The goal of this clinical trial is to analyze the usability and safety of the robotic gait ATLAS 2030 in a cohort of pediatric patients with Spinal Cord Injury, with the aim of extending its indication for use to pediatric spinal cord injury

Eligibility

Inclusion Criteria:

• Having a subacute or chronic spinal cord injury (SCI) and being clinically stable with a general condition good enough to participate in the therapeutic program with the ATLAS 2030.
• Age between 3 and 14 years.
• Medical authorization to perform standing and gait training with weight-bearing.
• Consent from the participant or legal guardian to participate in the study.
• Adequate level of acceptance and commitment from the family.
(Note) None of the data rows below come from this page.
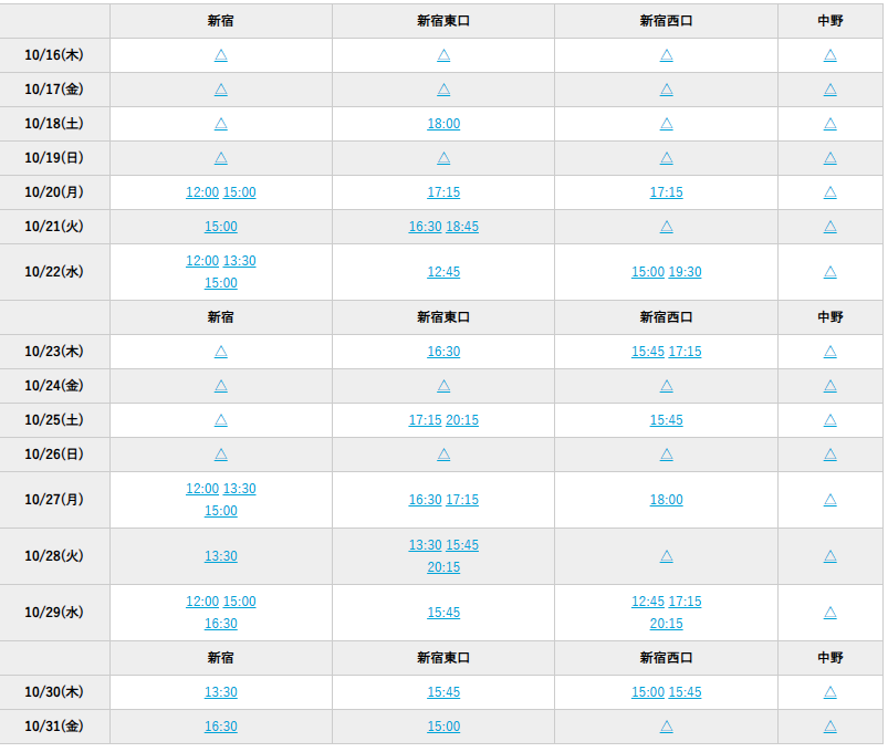 無料体験の申し込みフォームでは校舎ごとに空いている時間が細かく記載してあるので、希望日が探しやすくなっています。△の箇所は、希望校舎や第1~3までの希望日時を記載しリクエストすることができ、その後日程調整の連絡がくるようです。
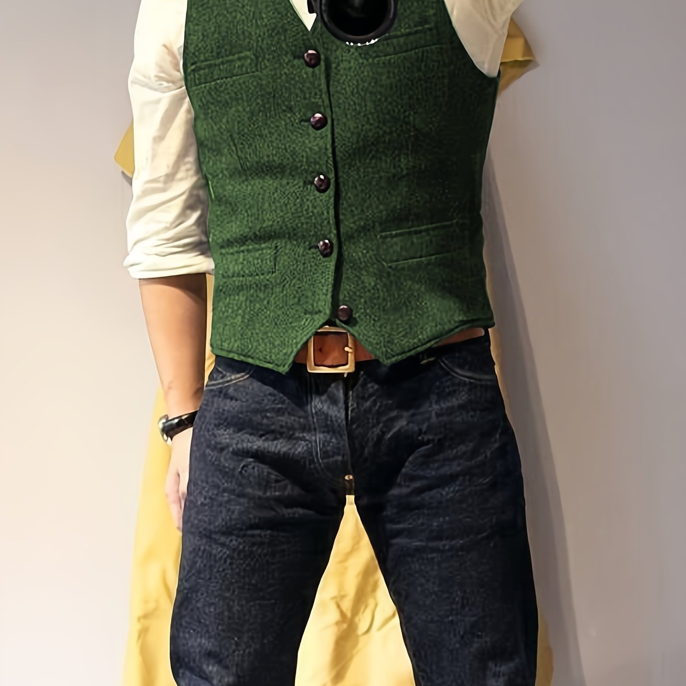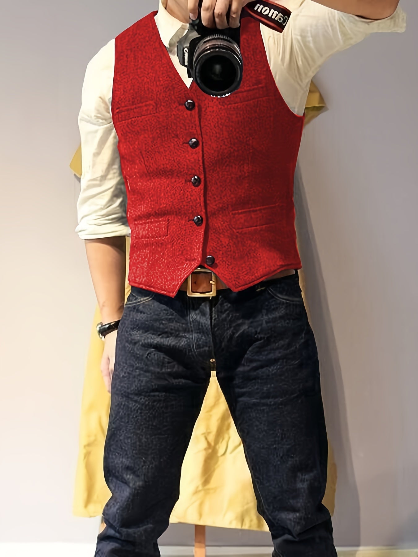 Diese Tweedweste kombiniert traditionelle Herringbone-Struktur mit einem modernen, figurbetonten Schnitt. Die Knopfleiste und funktionalen Seitentaschen verleihen ihr ein authentisches Vintage-Flair, ideal für besondere Anlässe, Freizeit oder Outdoor-Aktivitäten. Perfekt tragbar über Hemden – ob für Hochzeit, Party oder den täglichen Look.
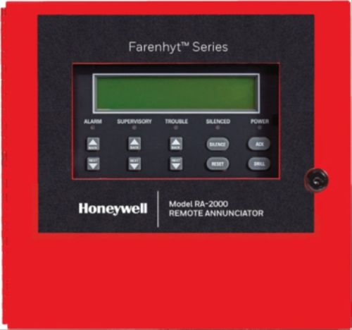 The Farenhyt RA-2000 Remote Annunciator is a sophisticated control and display unit designed to operate and program Honeywell Farenhyt Series Fire Alarm Control Panels (FACPs). With its large 4-line LCD display and user-friendly programmable keys, the RA-2000 enables efficient fire system monitoring and management. It provides a secure, easy-access solution for viewing real-time fire alarm conditions and controlling essential panel functions without requiring special codes or firefighter keys.

Inclusion criteria related to device characteristics:

• Weight ≤ 35 kg.
• Hip width ≤ 34 cm. It is advised that for measurements under 28 cm, verification should be performed to ensure there is no excessive base of support that might induce foot inversion in the standing position.
• Femur length (distance from the greater trochanter to the lateral condyle of the femur) between 24 cm and 33 cm. Femur lengths shorter than 24 cm are acceptable as long as the hip motor of the device does not extend above the user's iliac crest, avoiding hypermobility of the lumbar spine.
• Tibia length (distance from the lateral condyle to the lateral malleolus of the tibia) between 23 cm and 32 cm. Tibia lengths shorter than 23 cm are acceptable as long as they can be compensated with a lift and the user's ankle joint remains within the area of the ankle motor.
• EU shoe size between 27 and 33.

Exclusion Criteria:

• Impossibility for the family to complete treatment schedule planning.
• Any contraindication for standing and/or walking.
• Spasticity (Modified Ashworth Scale (MAS) = 4 in the lower limbs at the time of device use).
• Joint contracture of the hip and/or knee > 20 degrees.
• Need to walk with more than 9 degrees of hip abduction.
• Need to walk with more than 9 degrees of dorsal or plantar ankle flexion, or inability to use an orthosis to achieve 90° at the ankle.
• Severe skin lesions in areas of contact with the device.
• Planned surgical intervention during the study period or previous orthopedic surgery on the spine and/or lower limbs contraindicating treatment.
• Known advanced osteoporosis evidenced by bone densitometry, particularly with a history of prior fractures or fractures without trauma. Traumatic bone fractures in the lower limbs or pelvic girdle within the past 6 months.
• Unstable fractures, joint dislocations, or other joint pathologies in the trunk and lower limbs contraindicating the treatment.
• Severe rigid orthopedic deformities of the spine that prevent the use of the device.
• Presence of frequent seizures, uncontrolled epilepsy, or difficult-to-control behavioral disorders.
• Presence of decompensated heart or lung disease, or any other condition causing exercise intolerance.
• Allergy to any of the materials used in the ATLAS 2030: cotton, nylon, polyester, polyamide, polyethylene, or polypropylene.